Training Material Development
The research coordinator and a member of Canadian Institute developed ICD-11 training materials for Health Information (CIHI). Materials included three slide sets covering ICD-11 concepts and tools (9). Materials for coding practice included two sets each of Morbidity and Quality and Safety Case Scenarios. Coding rules and decision trees were developed for coding hospital-acquired conditions (harms) in conjunction with the WHO Quality and Safety Technical Advisory Group (TAG). The full training process is presented in Eastwood et al. (submitted) (10).
Clinical Coding Team
Six professional CCs were hired and trained. Trainers included a team from University of Calgary, CIHI, and WHO experts in ICD-11 concepts. Training involved 20 classroom hours and approximately 40 hours of coding practice homework prior to coding full hospital charts. Then, the coding team and trainers met monthly during the coding phase to discuss coding issues. ICD-11 coding decisions were based on what was available at the time in the draft ICD-11 Reference Guide of the WHO (11), the WHO ICD-11 Coding Tool (12), and the Canadian ICD-10-CA coding standards (8), given that ICD-11 coding rules were limited.
Analysis
Test Inter-rater Reliability (IRR) of Chart Review
To test agreement between reviewers, IRR involved two nurses reviewing sets of the same 10 charts. Agreement was checked for the presence of the 17 Charlson conditions. Where agreement was poor (kappa<0.60) retraining took place and chart review resumed in batches of 10 charts, until agreement was high (kappa>0.8) (13). High agreement was reached after two people completed 49 sets of records. Reviewers then independently extracted data from the remaining charts over several months. Data were entered into a secure electronic data collection tool called REDCap (7.6.9-©2018 Vanderbilt University). IRR was not available for the previously coded ICD-10-CA dataset.
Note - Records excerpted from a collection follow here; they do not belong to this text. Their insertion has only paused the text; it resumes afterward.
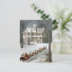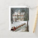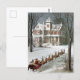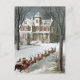 Vintageillustration från den viktorianska eran med julmotiv med en gammaldags tomte framför ett hus med släde och renar på julafton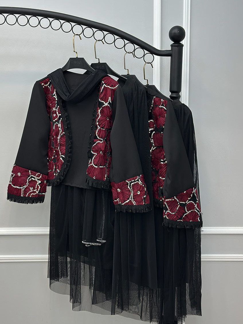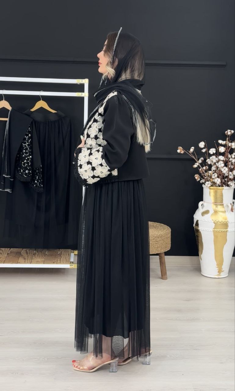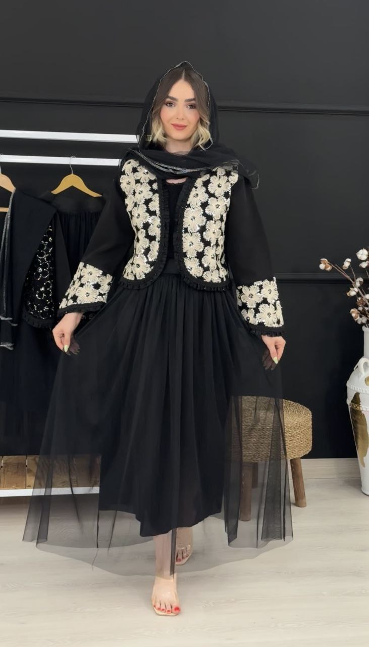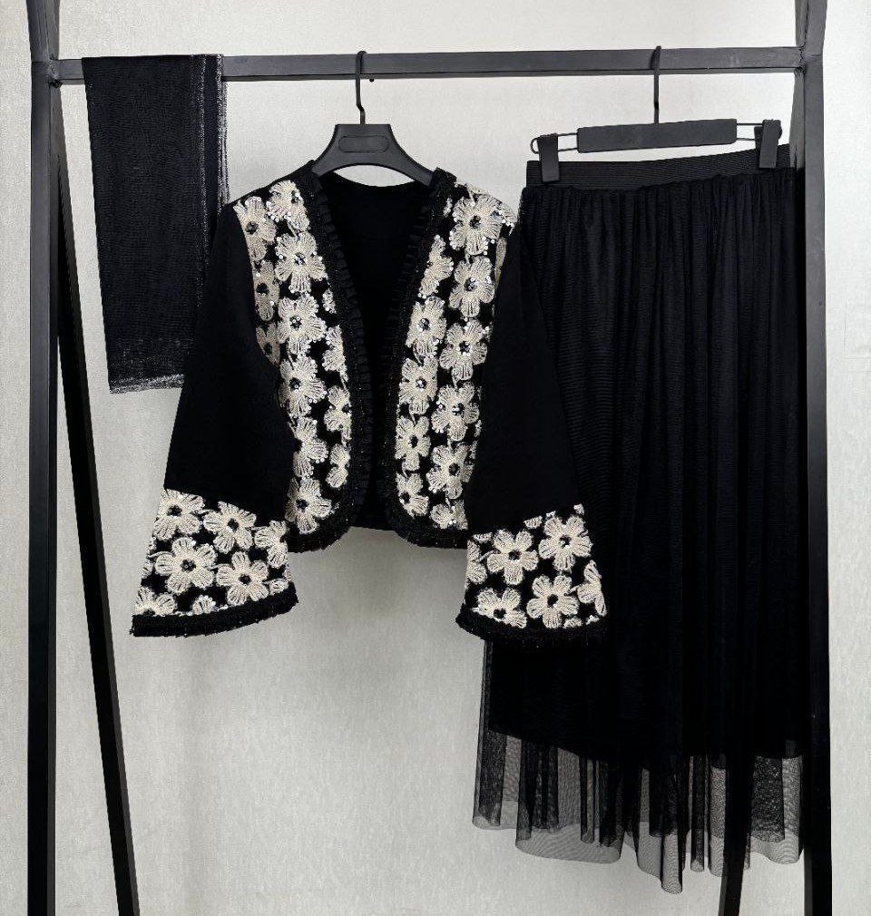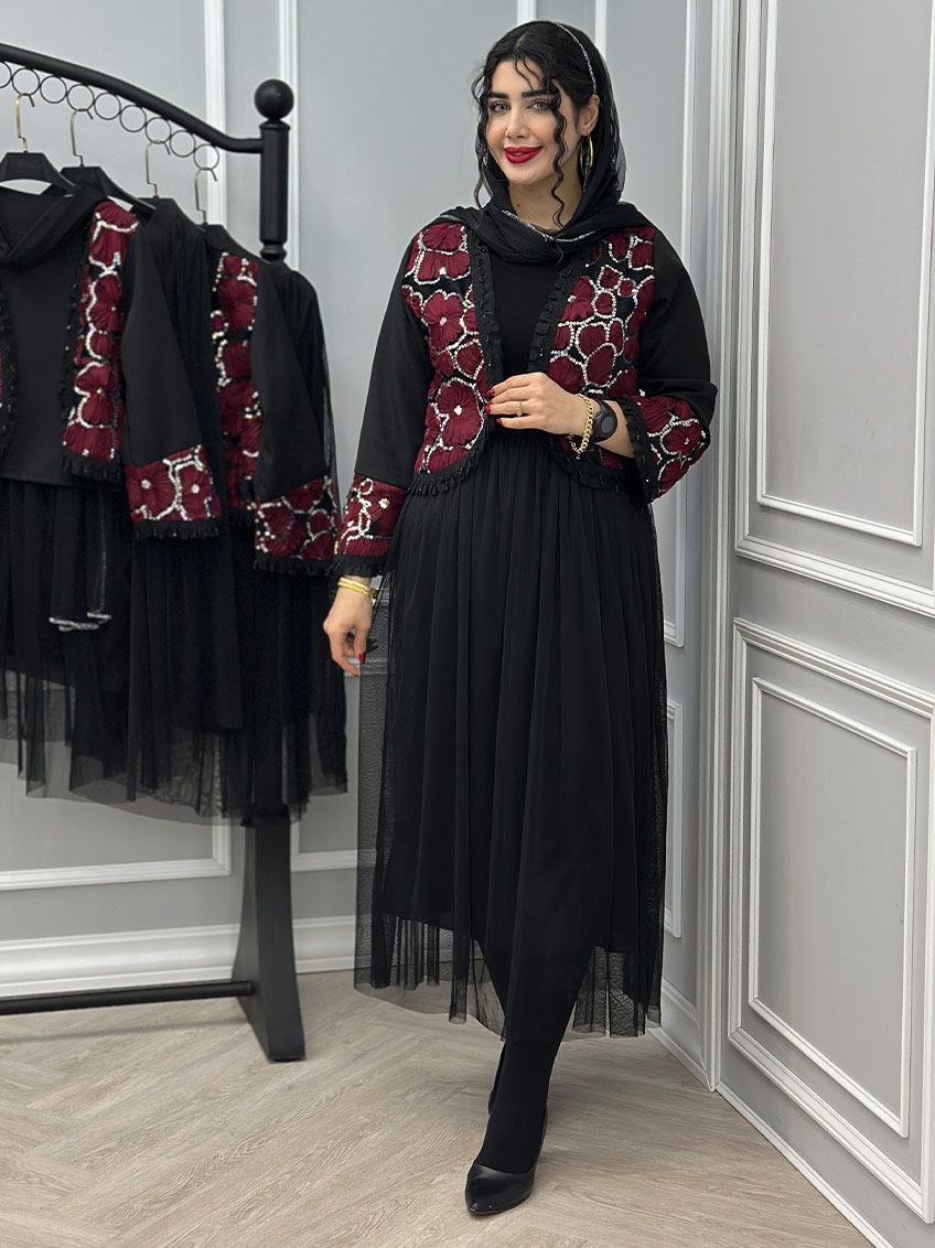 ست سه تیکه کت و دامن و شال عیدانه زنانه ، ست سه تیکه کت و دامن و شال مازراتی تور خرجکار هندی زنانه شیک و جدید و عیدانه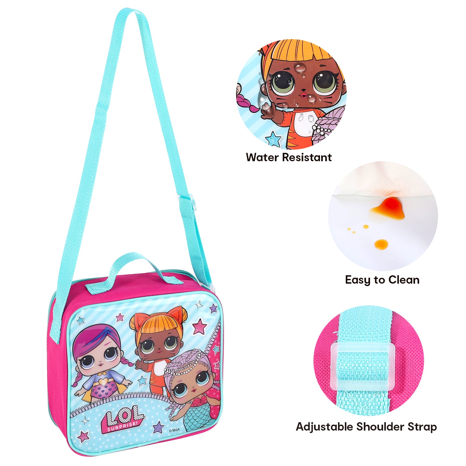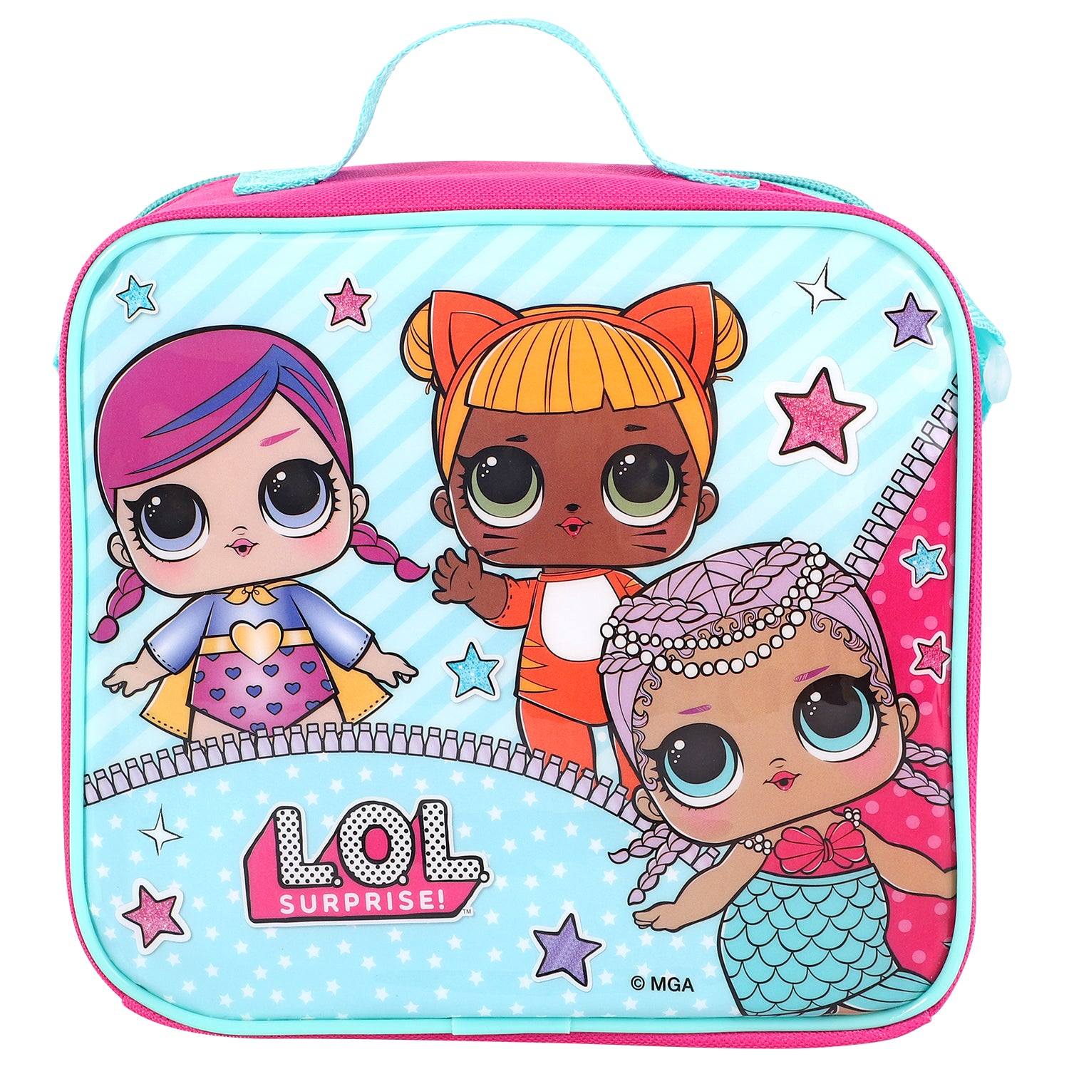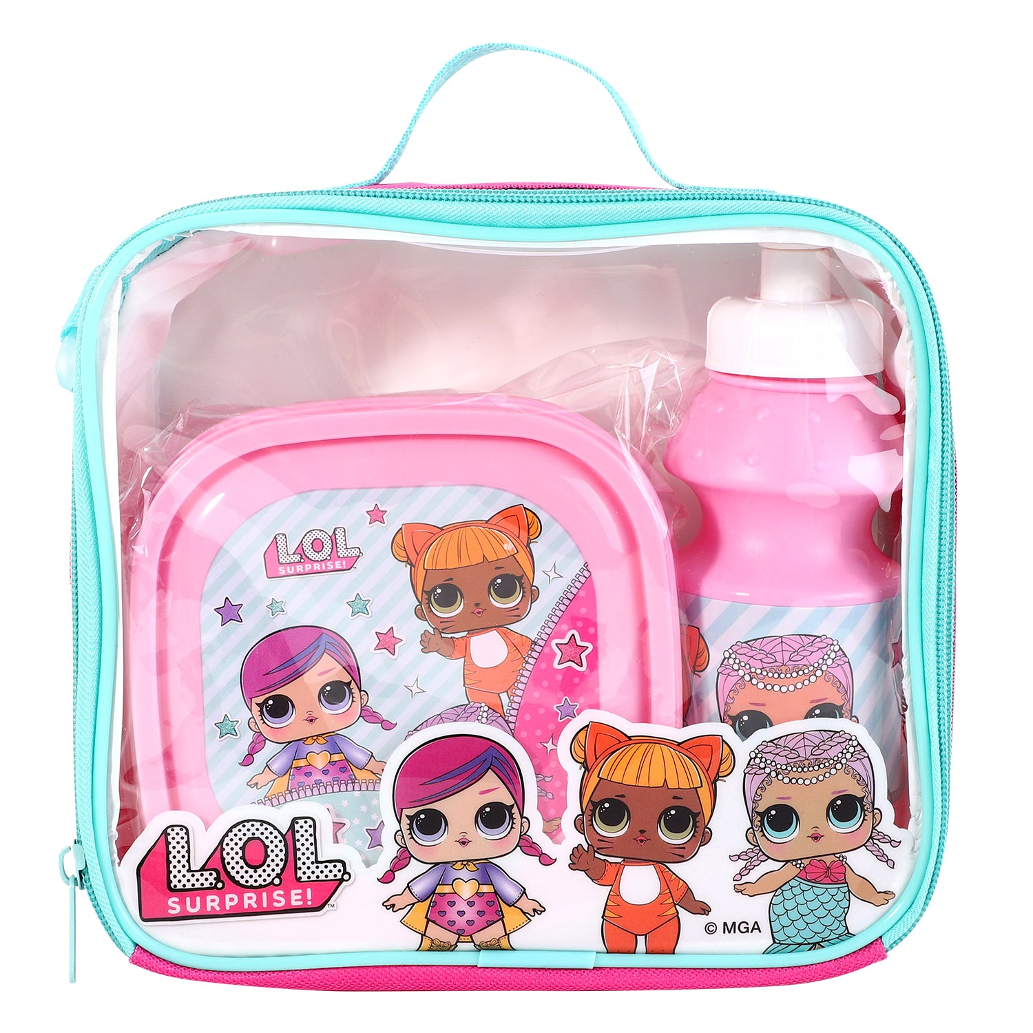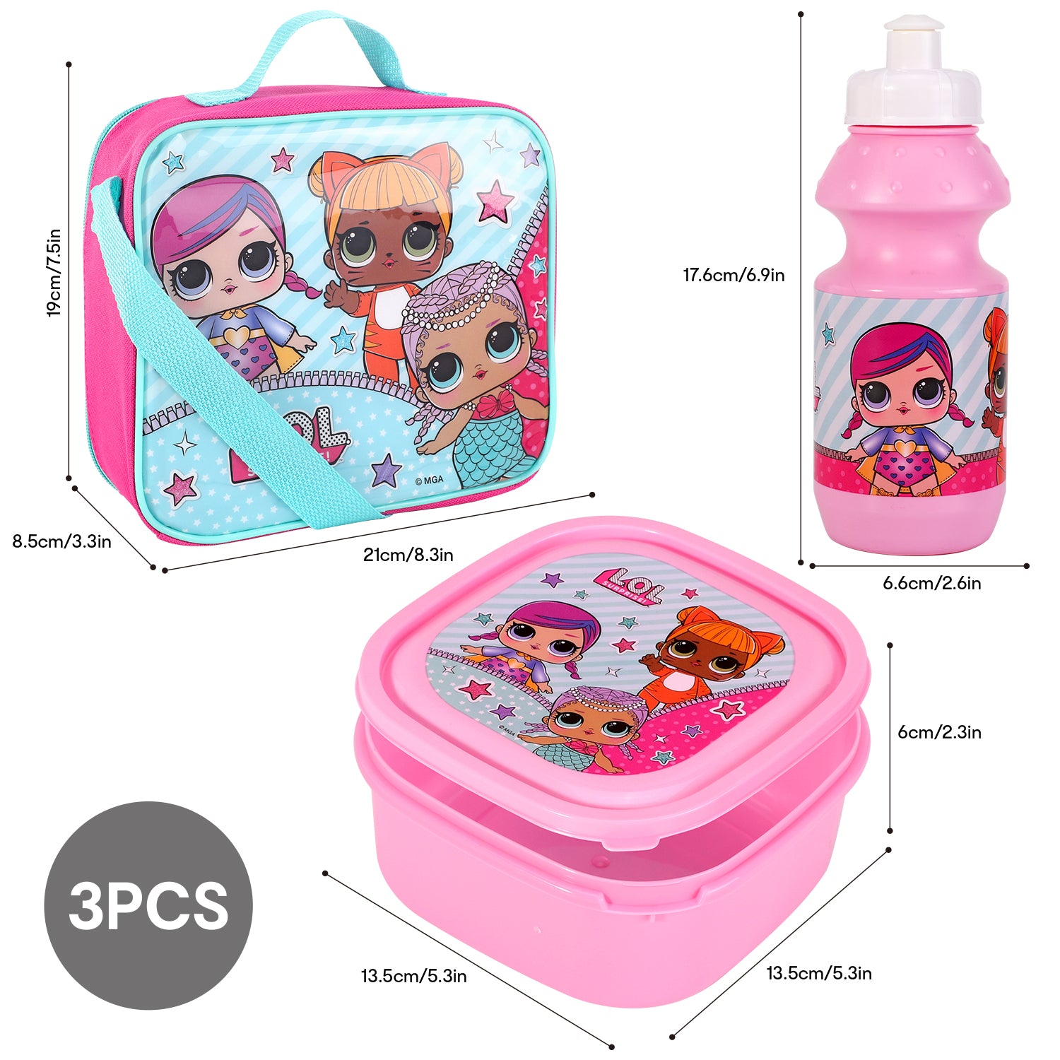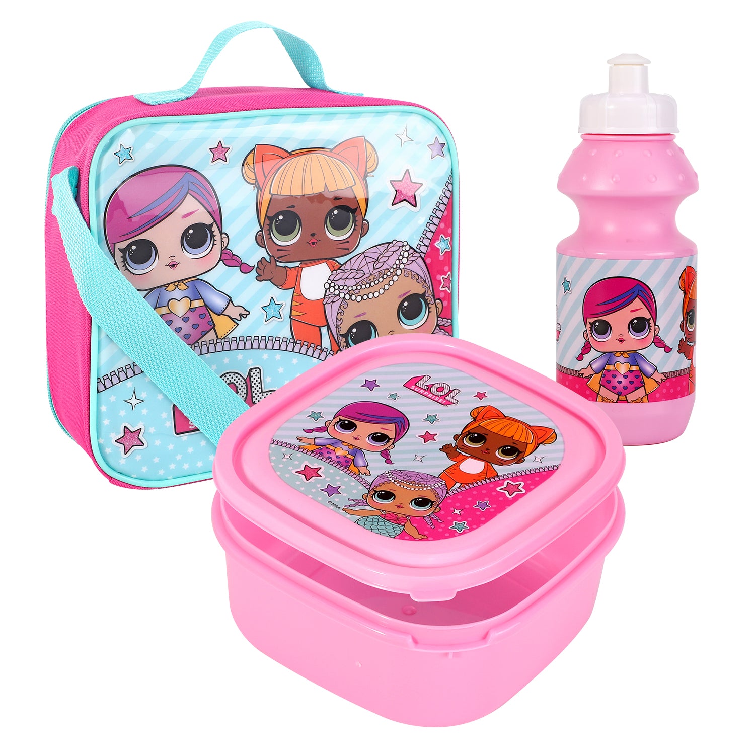Get ready to be surprised and delighted with the LOL Surprise 3 Piece Insulated Lunch Bag Set! This set includes an insulated lunch bag, sandwich box, and sports bottle, all featuring your favourite LOL Surprise dolls. Keep your lunch fresh and cool while showing off your style. Perfect for school, work, or on-the-go fun!

Test Inter-rater Reliability of ICD-11 Coded Charts
IRR involved 60 full charts coded by two CCs, similar to the above chart review IRR process. IRR focused on consistent coding of the main condition given the bulk of possible codes generated from full hospital charts. After the first 40 charts, a kappa of 0.50 was reached on the main condition parent code (highest level in the ICD-11 condition hierarchy). Training continued, differences were discussed, and experts were engaged for guidance. After coding the next 20 charts, a kappa of 0.88 was reached for main condition parent codes and independent coding commenced. The CCs were blinded to the original ICD-10-CA codes and the chart review data.